Выбрать главу

Если гора была центром обитания группы людей, общины, племени, рода, то «горой» дома или палатки кочевника, семьи вообще, являлся очаг. Сбоку от очага иногда вкапывали столб. Дым от очага выходил через отверстие в крыше, через это же отверстие в жилье проникал свет. Дом, как и мир, часто был трехэтажным, и его этажи-сферы соединялись съемными лестницами. Отверстие для дыма и света служило «воротами в небо», а очаг — «воротами в землю». Сам дом, таким образом, был самостоятельным микромиром и элементом связи сфер микромира. В обрядах «ворота в небо» олицетворял череп барана, «ворота в землю» — череп собаки.

Богов с горы можно было вызвать посредством сжигания ветвей можжевельника.

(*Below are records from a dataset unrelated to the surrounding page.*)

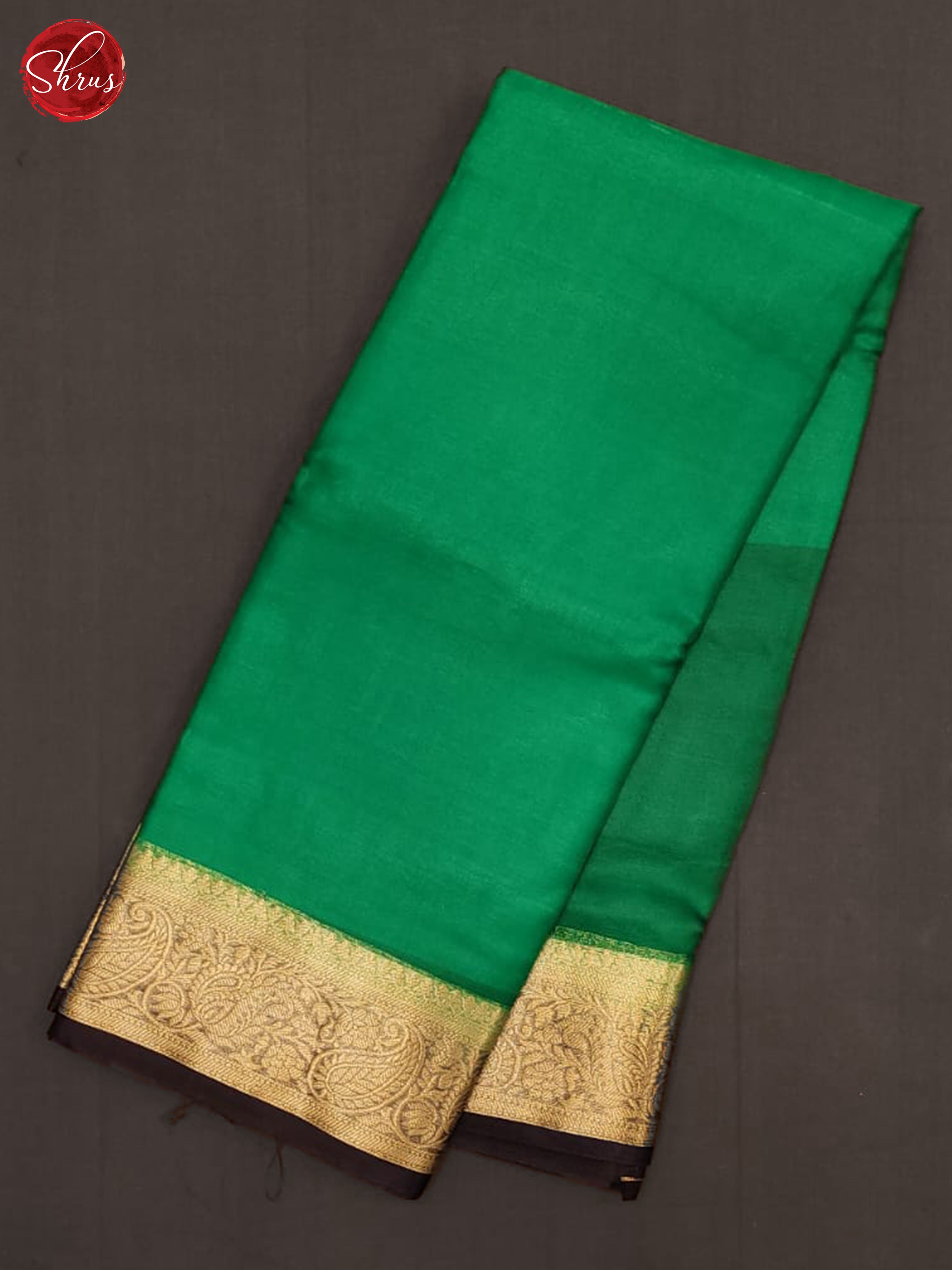 Pretty Green Semi Organza Silk saree enchants with plain body . The Black zari border & Pallu accentuate the classy weave. The plain Black blouse with zari border compliments.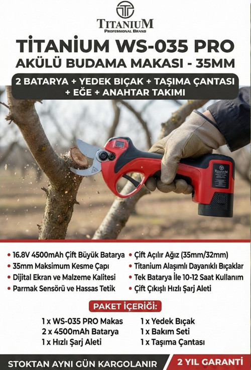 Titanium WS035 Pro Akülü Budama Makası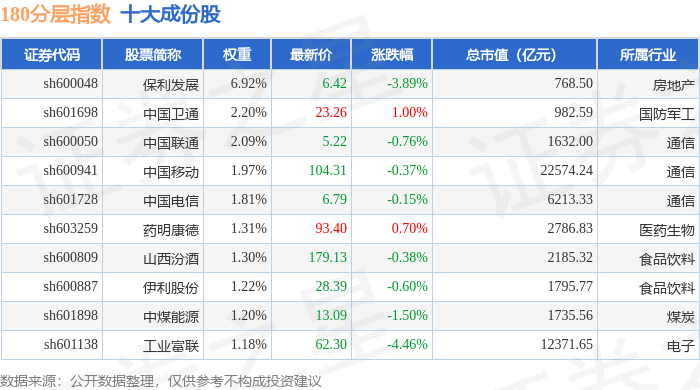 证券之星消息,12月11日,180分层(000093)指数报收于11882.0点,跌0.91%,成交2129.02亿元,换手率0.39%。当日该指数成份股中,上涨的有48家,东方电气以3.06%的涨幅领涨,下跌的有125家,工业富联以4.46%的跌幅领跌。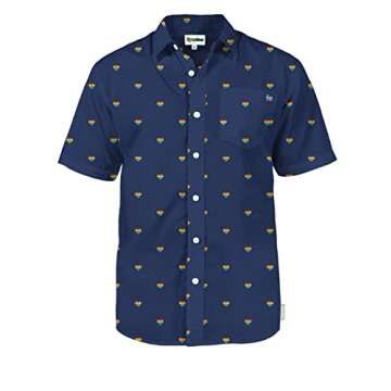 Tipsy Elves Men's Pride Blue Rainbow Hearts Button Down Shirt Size 3X-Large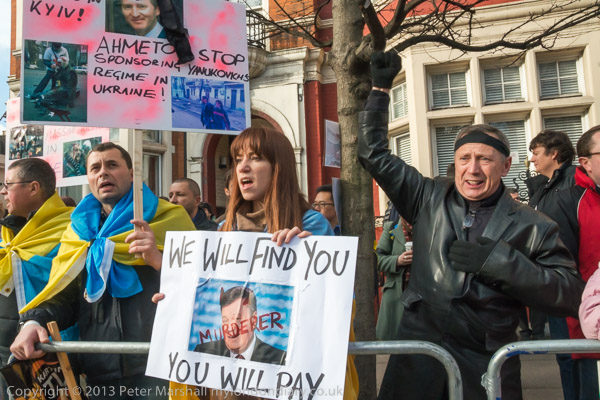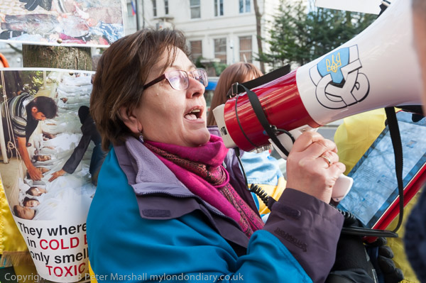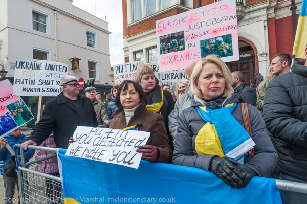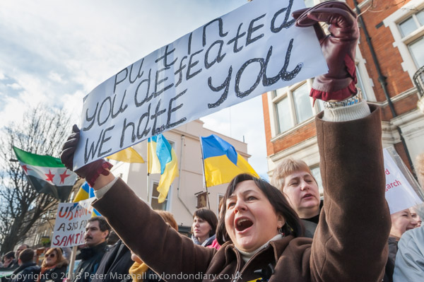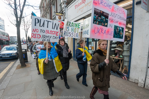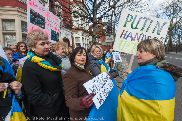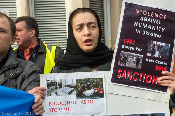 Most of the Ukrainians marched from a nearby cultural centre to the Russian embassy

Таким образом, каждый тибетец, каждая тибетская община или племя тысячью нитей были связаны как с большим миром, сферами неба и земли, так и с микромиром данного района и микромиром своего дома, своего семейного очага. Эти традиционные представления во многом определяли облик тибетской культуры, как внешний — модель дома, кучи камней на крышах, воткнутые туда же флаги и ветки, обо на перевалах, отношение тибетцев к окружающей природе, одухотворение ее (культ высоты, гор), так и внутренний, духовный мир тибетца — его поведение в быту, при отправлении обрядов. Эти представления, первобытная сущность которых очевидна, переплелись и слились с буддизмом, образовав тот комплекс идей, который характеризовал мировоззрение средневекового тибетца.

Всякая культура обладает набором зрительных знаков-символов, жестов и т. п., являющихся дополнением к звуковому сигналу — речи. «В основе отношений между разнообразными символами одной и той же системы лежат традиционные правила» [52, 83]. Традиционное тибетское приветствие состоит в том, что тибетец правой рукой снимает с головы шляпу, кланяется, полуприседая, наклоняя голову левым ухом вперед, высовывает при этом до предела язык и говорит: «Тэму!» («Здравствуйте!»), высунутый язык означал: «Пусть гость видит сам, что в руках у меня нет оружия, а язык у меня красный. Если бы я замышлял отравить вас, язык мой был бы черным» [12, 23]. Часто, кроме этого, тибетец правой рукой оттягивал еще свою правую щеку, и левой почесывал затылок. Если встречный и заведомо знатный человек ехал на коне, то тибетец, если он верхом, обязательно сходил с лошади, а если шел пешком, то уступал дорогу и, сойдя на обочину, присовокуплял: «Гуце ринг!» («Долголетия уважаемому господину!»). Разговаривая с человеком предположительно более высокого социального положения, чем его собственное, тибетец в знак почтения почесывал затылок, прикладывал руку к своей ляжке и называл собеседника гушу — высокородный. Старшим и знатным в беседе обязательно кивали головой, выражая тем самым одобрение их словам, и поминутно добавляли, как бы всасывая в себя воздух: «лагсо, лагсо» («хорошо», «хорошо»). Только люди племени голок при встречах не высовывали язык, а приветствовали друг друга поцелуем.

Поднятый вверх большой палец означал у тибетцев «хорошо, очень хорошо», а поднятый мизинец — «плохо, очень плохо». Промежуточные пальцы указывали на соответствующее качество или состояние (от хорошего к плохому). Два больших или два малых пальца, выставленных или поднятых одновременно, означали соответственно высшую похвалу или крайнее порицание. Выражая сочувствие, тибетец склонял голову и, прижавшись ею к голове другого, высовывал язык. Отрицательный ответ нередко сопровождался быстрыми движениями руки, повернутой ладонью вверх.

Почетных гостей в Тибете встречали местным «хлебом и солью» — блюдом цзамбы, украшенной фигурками из масла. Отъезжающих гостей, желая им благополучия и счастья, осыпали зерном. При выезде из села или дома пожилые женщины — ама подавали отъезжающим гостям прощальную чашу пива — чанкал, держа в правой руке чашу с пивом, а в левой — блюдо с цзамбой. В чашу с пивом насыпалась щепотка цзамбы, и чаша подавалась уезжающему с пожеланием благополучного возвращения. Почетных гостей или друзей провожали иногда в течение всего первого дня пути.